Using her skills and her contacts Sarah set up a sponsorship program, and created products to sell in order to raise money to keep the safe-house alive, and allow the girls journey to wellness continue, but it’s expensive to keep it afloat.

“We pay to put the girls through the court system to prosecute the rapists, and sometimes they require multiple reconstructive surgeries. They ruin beds every other night because they go to the toilet out of fear and because of physical injuries,” tells Sarah.

“People don’t want to believe that this happens, but it’s happening every day.”

Currently, if the girls respond well to therapy they try to place them back with family, if not immediate family then extended – if it is deemed safe. Sometimes it is hard to know it is safe but with no permanent boarding solution the Rafiki team often need to use their best judgement.

“If we think their family is safe we start a three month step down program. We educate the family and put them through therapy. We educate the surrounding community so they don’t blame the girls and in turn abuse them further. We check in on them regularly and we speak privately with them and if we need to take them out again, we do.

“We had a girl go home to what we thought was a good family, she was five and had been with us for two years. She went home and her father raped her. He had never shown signs of abuse before but because she had already been raped she’s seen as damaged goods anyway.”

This mentality is common in the villages where the defiled children are seen as unclean.

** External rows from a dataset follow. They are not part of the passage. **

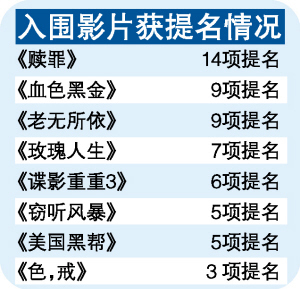 被喻為“英國奧斯卡”的2008年英國影視藝術文化學院頒獎禮(BAFTA),前日公布提名名單,《色,戒》報名角逐最佳電影、導演及女主角等11個項目,結果除了較早前公布入圍最佳新人(湯唯)和外語片之外,只有最佳服裝設計(樸若木)能獲提名;而凱拉·奈特利主演的《贖罪》,則獲得本屆最多14項提名,成為大熱之選。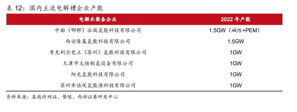 電解水制氫是指水分子在直流電作用下被解離生成氧氣和氫氣,分別從電解槽陽(yáng)極和陰極 析出。根據(jù)工作原理和電解質(zhì)的不同,電解水制氫技術(shù)通常分為四種,分別是堿性電解水 技術(shù)(ALK)、質(zhì)子交換膜電解水技術(shù)(PEM)、高溫固體氧化物電解水技術(shù)(SOEC)和 固體聚合物陰離子交換膜電解水技術(shù)(AEM)。 電解水制氫技術(shù)以堿性電解為主,PEM 電解次之。“雙碳”目標(biāo)提出后,國(guó)內(nèi)電解水制氫 項(xiàng)目規(guī)劃和推進(jìn)逐步加快,2022 年國(guó)內(nèi)堿性電解槽企業(yè)已披露產(chǎn)能接近 11GW,堿性電 解水制氫技術(shù)已完成商業(yè)化進(jìn)程,產(chǎn)業(yè)鏈發(fā)展成熟,且具備成本優(yōu)勢(shì),已實(shí)現(xiàn)大規(guī)模應(yīng)用; PEM 電解水技術(shù)則處于商業(yè)化初期,產(chǎn)業(yè)鏈國(guó)產(chǎn)化程度不足,電解槽雙極板、膜材料以及 鉑、銥等貴金屬催化劑材料成本更高且極度依賴進(jìn)口;高溫固體氧化物電解水技術(shù)和固體 聚合物陰離子交換膜電解水技術(shù)還處于研發(fā)示范階段,未實(shí)現(xiàn)商業(yè)化應(yīng)用。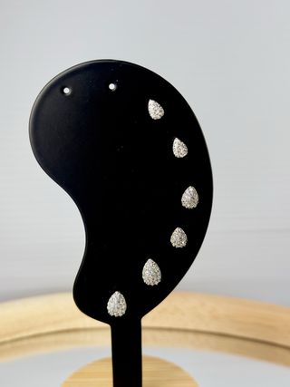 Elegante set di orecchini a forma di goccia, impreziositi da zirconi scintillanti. - Design a forma di goccia. - Incastonatura di zirconi. - Montatura in metallo color argento.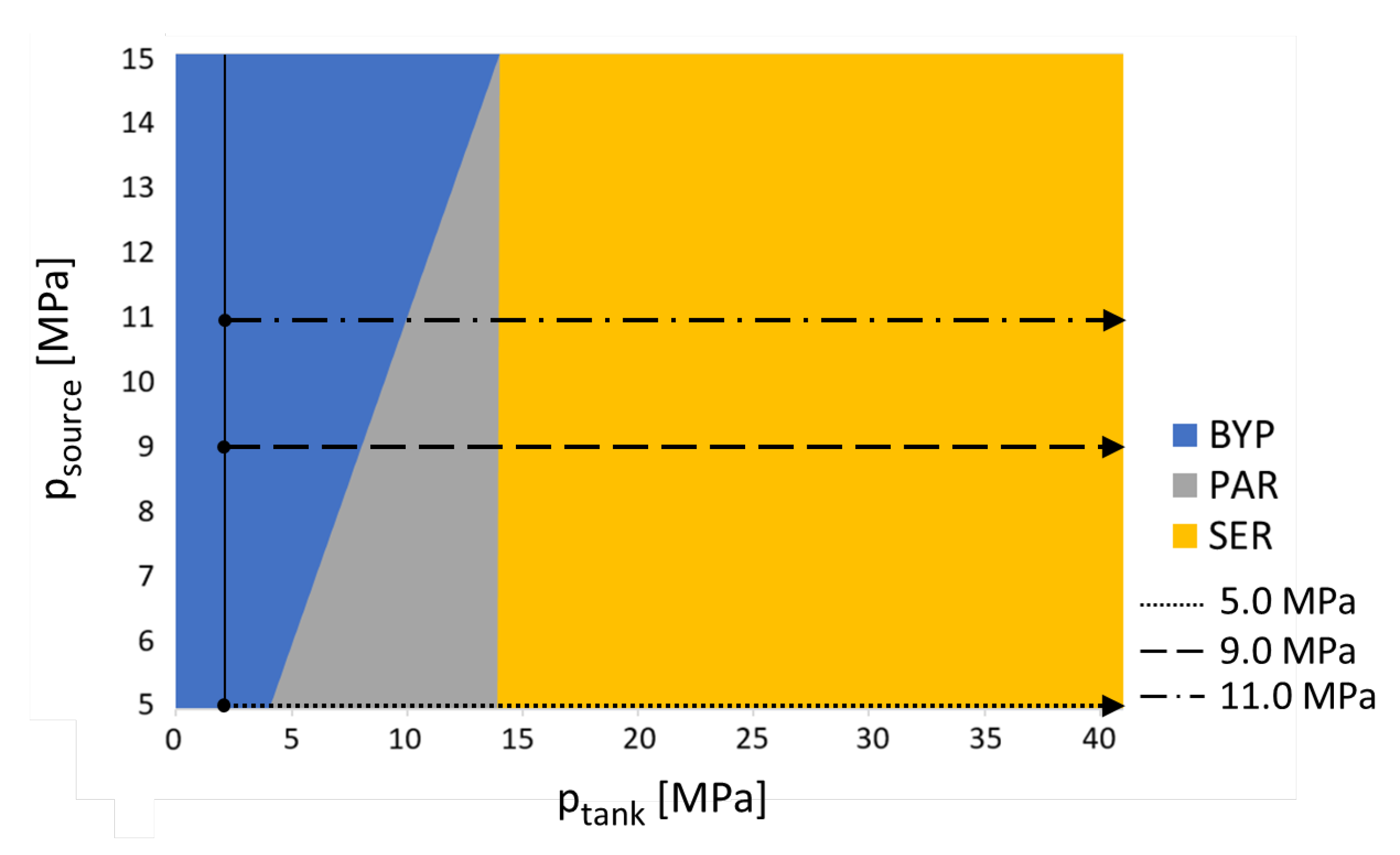 Figure 11 shows the working areas of the three modes under consideration, implementing the strategy with constant threshold pressure. Each point in the plane shows the current boundary conditions of the filling, and each horizontal line represents a filling cycle. Selecting a fixed threshold pressure of 14 MPa, therefore, results in a vertical straight line that serves as the boundary between Parallel and Serial mode.
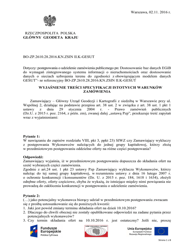 Warszawa, 02.11. 2016 r. RZECZPOSPOLITA POLSKA GŁÓWNY GEODETA KRAJU BO-ZP.2610.28.2016.KN.ZSIN II.K-GESUT Dotyczy: postępowania o udzielenie zamówienia publicznego pn: Dostosowanie baz danych EGiB do wymagań zintegrowanego systemu informacji o nieruchomościach oraz dostosowanie danych o sieciach uzbrojenia terenu do zgodności z obowiązującym modelem danych GESUT”- nr referencyjny BO-ZP.2610.28.2016.KN.ZSIN II.K-GESUT WYJAŚNIENIE TREŚCI SPECYFIKACJI ISTOTNYCH WARUNKÓW ZAMÓWIENIA Zamawiający – Główny Urząd Geodezji i Kartografii z siedzibą w Warszawie przy ul. Wspólnej 2, działając na podstawie przepisu art. 38 ust. 2 w związku z art. 38 ust. 1 pkt 1 ustawy z dnia 29 stycznia 2004 r. - Prawo zamówień publicznych (Dz.U. z 2015 r. poz. 2164, z późn. zm), zwanej dalej „ustawą Pzp”, przekazuje treść zapytań wraz z wyjaśnieniami: Pytanie 1: W nawiązaniu do zapisów rozdziału VIII, pkt 3, ppkt 23) SIWZ czy Zamawiający wykluczy z postępowania Wykonawców należących do jednej grupy kapitałowej, którzy złożą w przedmiotowym postępowaniu oddzielne oferty na różne części postępowania? Odpowiedź: Zamawiający wyjaśnia, iż w przedmiotowym postępowaniu dopuszcza do składania ofert na sześć wybranych części zamówienia. Zgodnie z art.24 ust. 1 pkt 23 ustawy Pzp Zamawiający wyklucza Wykonawców, którzy należąc do tej samej grupy kapitałowej, w rozumieniu ustawy z dnia 16 lutego 2007 r. o ochronie konkurencji i konsumentów (Dz. U. z 2015 r. poz. 184, 1618 i 1634), złożyli odrębne oferty, oferty częściowe, chyba że wykażą, że istniejące między nimi powiązania nie prowadzą do zakłócenia konkurencji w postępowaniu o udzielenie zamówienia. Pytanie 2: (…) jako potencjalny wykonawca biorący udział w przedmiotowym postępowaniu zwracam się z prośbą ustosunkowanie się do poniższych kwestii: 1. Jaki jest powód zmiany terminu składania ofert na dzień 10.10.2016? 2. Dlaczego do chwili obecnej nie zostały opublikowane odpowiedzi na zadane pytania przez potencjalnych wykonawców? 3. Czy termin składania ofert na 10.10.2016 r. jest ostateczny? Jeśli nie, proszę Strona 1 z 8 o informację na temat nowego terminu? Powyższe pytania podyktowane są czysto praktycznymi względami, a mianowicie uzyskaniem ubezpieczeniowej gwarancji zapłaty wadium i terminami w niej zawartymi. Otóż w dniu 22 września tj. 4 dni przed ostatecznym terminem składania ofert nasza firma (przypuszczamy jednak, że większość firm także) uzyskała przedmiotową gwarancję ze ściśle określonymi terminami zawartymi w SIWZ. Był to dzień w którym zamierzaliśmy przesłać ofertę do Zamawiającego korzystając z operatora pocztowego. Sytuacja związana z przesunięciem terminu składania ofert spowodowała, że ubezpieczeniowa gwarancja zapłaty wadium stała się nieważna. W chwili obecnej aby ponownie wziąć udział w przetargu należy rzeczoną gwarancję zmienić (prolongować). Nie wiemy jednak czy ostatecznym terminem składania ofert jest dzień 10.10.2016. Zamawiający naraża w ten sposób potencjalnych wykonawców na niepotrzebne koszty, a co więcej może powodować, że przygotowane gwarancje załączone do ofert mogą być nieważne ze względu na niezgodności w terminach. Z tego też względu prosimy o rzetelne i wcześniejsze informowanie potencjalnych wykonawców w zakresie wyżej wymienionych kwestii. Zmiany na stanowiskach kierowniczych w GUGiK nie powinny być tego przeszkodą. Proszę równocześnie o jak najszybszą odpowiedź na niniejsze pismo. Odpowiedź: Zamawiający dokonał w dniu 19.10.2016 r. zmian w przedmiotowym postępowaniu i przedłużył odpowiednio termin składania i otwarcia ofert. Pytanie nr 3 Niniejszym zwracam się uprzejmie z zapytaniem, czy w zamówieniu publicznym o numerze referencyjnym BO-ZP.2610.28.2016.KN.ZSIN II. K-GESUT, którego przedmiotem jest: „Dostosowanie baz danych EGiB do wymagań zintegrowanego systemu informacji o nieruchomościach oraz dostosowanie danych o sieciach uzbrojenia terenu do zgodności z obowiązującym modelem danych GESUT” (dla 17 części, od 13 do 29) będą miały zastosowanie wyjaśnienia dotyczące warunków technicznych realizacji zamówienia, których Zamawiający udzielił w ramach poprzedniego postępowania o numerze referencyjnym BO-ZP.2610.14.2016.KN.ZSIN II. K-GESUT (dla 12 części)? W szczególności chodzi mi o odpowiedź na pytanie nr 3, zawartą w wyjaśnieniach treści SIWZ z dnia 18.04.2016 r. do postępowania o numerze referencyjnym BOZP.2610.14.2016.KN.ZSIN II. K-GESUT (kopia pisma z treścią wyjaśnień w załączeniu). Główny Geodeta Kraju w wyjaśnieniach tych stwierdza: „Zgodnie z opisaną sytuacją, w przypadku gdy w PZGiK brak jest wiarygodnych dokumentów umożliwiających ustalenie danych określających przebieg granic działek ewidencyjnych, a jednocześnie zainteresowani właściciele lub władający tymi działkami nie wskażą zgodnie przebiegu granic tych działek oraz w odniesieniu do objętych tymi działkami gruntów nie można stwierdzić spokojnego stanu posiadania, Wykonawca ustali dane określające przebieg granic tych działek oraz położenie punktów granicznych na zasadach określonych w § 39 ust. 3 rozporządzenia w sprawie EGiB, wykorzystując w szczególności do tego celu odpowiedni fragment dotychczasowej mapy ewidencyjnej w postaci rastrowej, wpasowany metodą transformacji afinicznej w punkty dostosowania, którymi powinny być punkty graniczne nieruchomości sąsiednich oraz jednoznacznie zidentyfikowane punkty graniczne tych działek, co zostało opisane w SIWZ. W takim przypadku, współrzędne punktów granicznych wykonawca określi na podstawie pomiaru kartometrycznego. W związku z powyższym pomiar punktów granicznych w terenie jest bezprzedmiotowy. Ponadto wyjaśniam, iż przedmiot niniejszego zamówienia nie obejmuje zadań związanych z wyznaczaniem i okazywaniem tak ustalonych Strona 2 z

Anne-Marie has a dream that one day she will have the facilities to look after the kids that cannot go home until they are adults.

“I dream of never having to send a girl home to an unsafe environment,” she says.

“My number one dream is to build a therapeutic school in Nakuru. Children who have experienced trauma process things in a different way to other kids and I want a school where our children can stay until they are 18 – with the support of their families – and emotionally manage learning.

“At our school we would have boys and girls develop respect for each other; heal their wounds and take the all-important education to be the best they could ever be. For some that might mean a university – for others a job in a kitchen – it’s about repairing their self-esteem and their souls.”

The dream school doesn’t seem like an impossible task, all it would take is the help to make it happen.